**TASK OBJECTIVE:**
Below is a listing; repeat exactly the lines from the one containing "トップ部分は柔らかなリブニッ" to the one containing "Understood. There are", both included.

*** MATERIAL TO PROCESS

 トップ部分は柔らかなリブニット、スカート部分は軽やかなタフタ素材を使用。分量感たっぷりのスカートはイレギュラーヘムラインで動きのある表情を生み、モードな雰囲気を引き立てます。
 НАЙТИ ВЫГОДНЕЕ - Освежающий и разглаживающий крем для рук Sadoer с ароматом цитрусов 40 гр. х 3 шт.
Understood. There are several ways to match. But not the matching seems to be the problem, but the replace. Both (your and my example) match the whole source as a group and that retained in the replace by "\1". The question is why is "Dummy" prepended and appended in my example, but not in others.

******
*** MATERIAL TO PROCESS

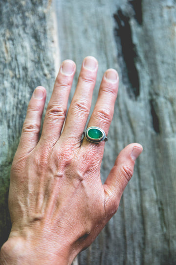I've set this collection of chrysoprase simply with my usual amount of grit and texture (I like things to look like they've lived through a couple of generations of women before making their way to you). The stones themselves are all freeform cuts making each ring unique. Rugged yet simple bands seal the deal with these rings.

******
*** MATERIAL TO PROCESS

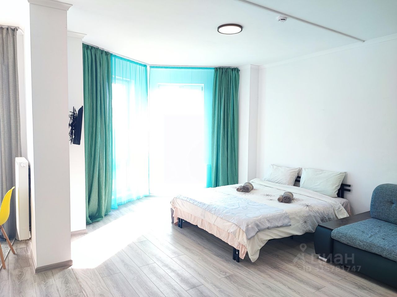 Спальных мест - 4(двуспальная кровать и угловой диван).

******

**ANSWER:**
 トップ部分は柔らかなリブニット、スカート部分は軽やかなタフタ素材を使用。分量感たっぷりのスカートはイレギュラーヘムラインで動きのある表情を生み、モードな雰囲気を引き立てます。
 НАЙТИ ВЫГОДНЕЕ - Освежающий и разглаживающий крем для рук Sadoer с ароматом цитрусов 40 гр. х 3 шт.
Understood. There are several ways to match. But not the matching seems to be the problem, but the replace. Both (your and my example) match the whole source as a group and that retained in the replace by "\1". The question is why is "Dummy" prepended and appended in my example, but not in others.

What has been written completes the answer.